Paperback Celluloid: Elmore Leonard on Film is an interesting idea for a book. Author Andy Rohmer examines the more than 30 big screen films based on one of America’s significant 20th century fiction writers, Elmore Leonard. Paperback Celluloid is not arranged in the order of the films’ releases but according to the stories’ publication dates. As a result, Paperback Celluloid bounces back and forth across the decades, from Leonard’s first story adapted for the screen, 3:10 to Yuma (1957 and the 2007 remake) through the last, Freaky Deaky (2012). By his own admission the movies of Leonard’s childhood, the 1930s, inspired him to write. Who can blame him if after the ‘60s, his novels were written with film rights in mind?
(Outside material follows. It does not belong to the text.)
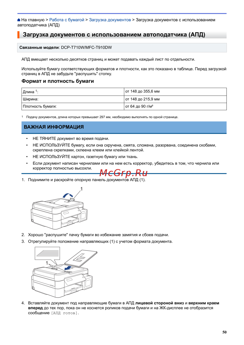- Эта функция доступна для моделей mfc p.554
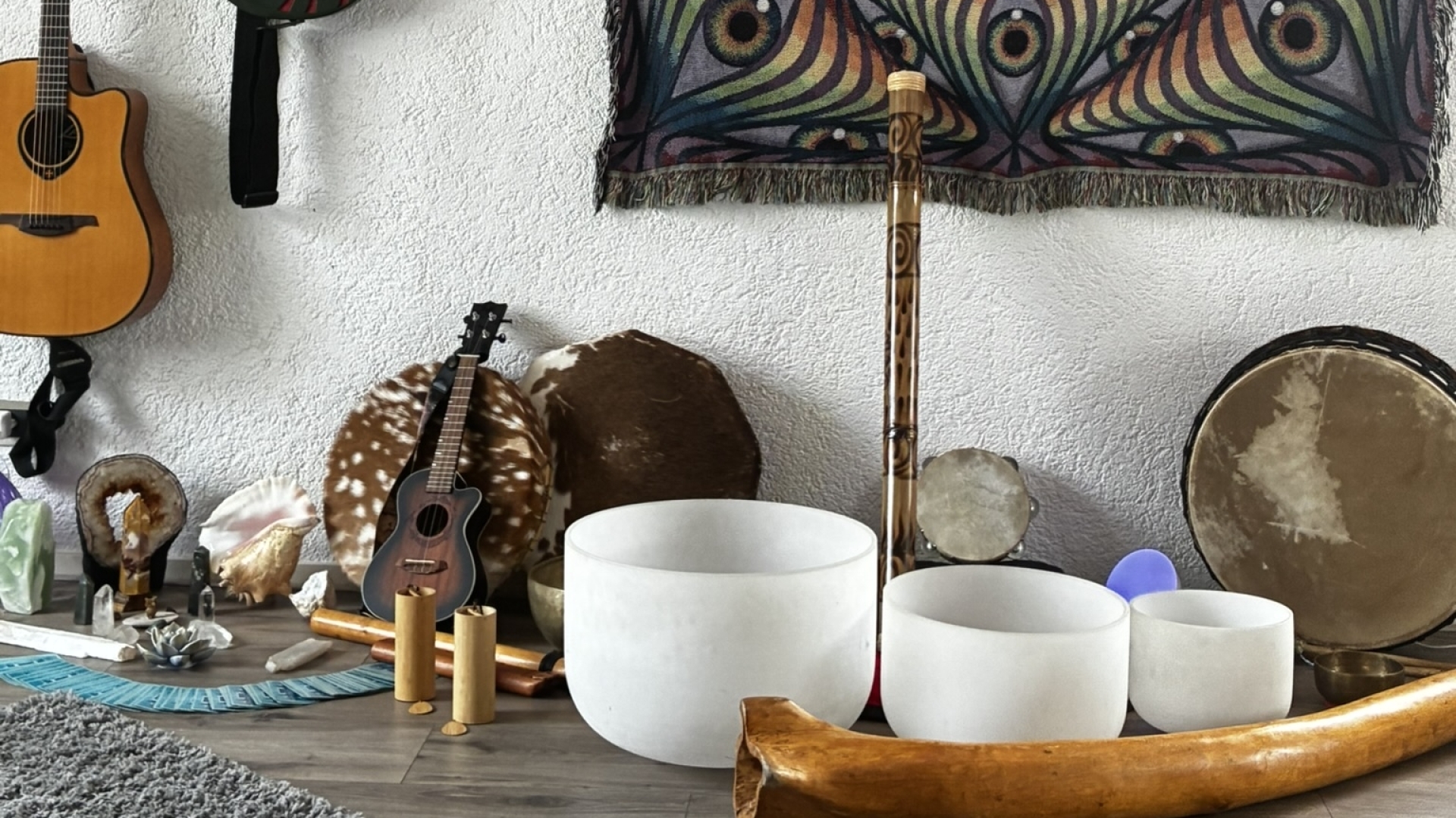 Mattijs sjamaan en klankkunstenaar, werkt met houten fluiten, sjamanendrum en didgeridoo. Zijn klanken zorgen voor aarding, diepgang en een bijna ceremonieel gevoel, alsof je even loskomt van de buitenwereld en thuiskomt in jezelf.

The many directors who handled Leonard’s material are scrutinized in turn. Rohmer admits to being a more or less unreconstructed auteurist (nothing wrong with that if the theory’s limitations are in sight) and writes passionately about his favorite filmmakers. He calls Budd Boetticher, who directed the second Leonard film adaptation, The Tall T (1957), “the Euripides of the Wild West, taking John Ford’s open landscapes and turning them into oppressive outer places … accentuating the characters’ contingency.”
As displayed in Rohmer’s bibliography, several previous authors have staked out Leonard’s life and other critics have parsed his body of work—if none with Rohmer’s precise focus. He thankfully avoids what he rightly calls “speculative post-structuralist jargon” and “academic overreach,” but inserts himself distractingly into the narrative. On Barry Sonnenfeld, who directed Get Shorty (1995): “He graduated from NYU (my alma matter, may I interject, if at an advanced age and in film-unrelated German studies).” Those sort of interjections do not enhance the readers’ appreciation for the subject at hand or the argument Rohmer makes, which is that the books were usually better.
Paperback Celluloid: Elmore Leonard on Film is the work of a smart, engaged fan.